Они договорились о встрече в той же самой забегаловке за углом, в которой Филипп вчера обдумывал важные, но не столь авантюрные планы, и оба подошли к ее входу практически одновременно. Заказав по чашке кофе, они заняли дальний столик.
Имея в распоряжении минут сорок, Филипп неторопливо стал расспрашивать о том, кто и как отзывался о вчерашнем, и отзывались ли вообще. По словам Аарона, сокурсники положительно отнеслись к тому, что говорил Филипп и какие указания он давал. Ему удалось завоевать общую симпатию, а кое-кто даже указал на то, что к его указаниям стоит прислушаться. Филипп не стал выпытывать кто именно. Ясно было одно: появление Филиппа на репетиции сделало ее необычной для этих молодых людей. Он знал, что может дать больше, и он был готов начать.

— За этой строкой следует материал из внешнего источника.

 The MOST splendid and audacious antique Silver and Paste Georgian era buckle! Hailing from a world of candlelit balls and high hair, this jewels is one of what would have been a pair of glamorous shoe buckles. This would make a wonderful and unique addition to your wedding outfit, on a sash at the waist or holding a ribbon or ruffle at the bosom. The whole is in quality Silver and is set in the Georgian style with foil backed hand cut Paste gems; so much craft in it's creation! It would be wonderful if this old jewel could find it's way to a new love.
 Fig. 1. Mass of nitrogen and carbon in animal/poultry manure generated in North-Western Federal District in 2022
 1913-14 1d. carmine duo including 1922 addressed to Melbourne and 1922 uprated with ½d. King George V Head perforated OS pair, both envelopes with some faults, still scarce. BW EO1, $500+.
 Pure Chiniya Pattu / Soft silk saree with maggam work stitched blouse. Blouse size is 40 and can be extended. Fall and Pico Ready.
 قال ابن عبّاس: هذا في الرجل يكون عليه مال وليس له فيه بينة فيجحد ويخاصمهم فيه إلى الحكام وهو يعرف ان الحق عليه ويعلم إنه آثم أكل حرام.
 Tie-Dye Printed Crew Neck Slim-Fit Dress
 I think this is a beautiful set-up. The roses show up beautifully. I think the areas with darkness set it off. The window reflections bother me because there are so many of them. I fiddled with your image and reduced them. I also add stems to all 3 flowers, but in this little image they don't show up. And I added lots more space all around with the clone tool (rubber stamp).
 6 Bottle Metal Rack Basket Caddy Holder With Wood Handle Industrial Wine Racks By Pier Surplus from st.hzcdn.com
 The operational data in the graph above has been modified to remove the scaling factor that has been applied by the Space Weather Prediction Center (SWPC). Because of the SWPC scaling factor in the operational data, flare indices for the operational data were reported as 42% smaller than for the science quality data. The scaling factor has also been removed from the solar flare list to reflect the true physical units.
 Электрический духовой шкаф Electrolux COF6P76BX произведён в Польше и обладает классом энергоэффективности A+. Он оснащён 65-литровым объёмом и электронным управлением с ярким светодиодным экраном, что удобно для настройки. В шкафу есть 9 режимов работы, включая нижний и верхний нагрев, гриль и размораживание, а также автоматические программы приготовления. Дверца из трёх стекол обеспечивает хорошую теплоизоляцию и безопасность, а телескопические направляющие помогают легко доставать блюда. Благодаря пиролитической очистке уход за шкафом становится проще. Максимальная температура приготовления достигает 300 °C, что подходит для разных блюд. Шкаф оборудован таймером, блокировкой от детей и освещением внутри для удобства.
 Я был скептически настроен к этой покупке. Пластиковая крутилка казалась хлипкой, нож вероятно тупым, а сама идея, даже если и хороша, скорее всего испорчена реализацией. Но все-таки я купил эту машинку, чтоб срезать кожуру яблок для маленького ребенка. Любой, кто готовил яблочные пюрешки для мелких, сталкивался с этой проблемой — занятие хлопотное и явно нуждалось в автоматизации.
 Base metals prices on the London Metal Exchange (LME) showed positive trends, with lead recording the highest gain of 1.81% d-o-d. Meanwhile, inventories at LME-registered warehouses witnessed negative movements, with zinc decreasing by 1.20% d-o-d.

– Аарон, я хочу попросить тебя оказать мне услугу: стань моими руками и сделай кое-какие изменения в мизансценах. Как минимум те, которые я видел, нуждаются в срочном лечении. Стань моим языком, и предложи сегодня отказаться от этой плоской одномерной картинки, недостойной и школьного утренника. В первом варианте еще работал знаковый принцип построения мизансцены, в ней был какой-то символизм, какая-то геометрия, что ли. Глубина была. Но все равно это было неубедительным. Почему бы вам не попробовать закрутить эту вашу сцену? Я был там, я знаю, что сцена не снабжена поворотным кругом. Но и без него можно справиться. Не вращается сцена – сделайте это сами. Ходите, двигайтесь, приближайтесь, удаляйтесь – бал ведь все же!
Аарон внимательно слушал Филиппа, смотря ему в глаза. Ничего в его внешнем облике не показывало того, о чем он в это время думал. Филипп продолжал.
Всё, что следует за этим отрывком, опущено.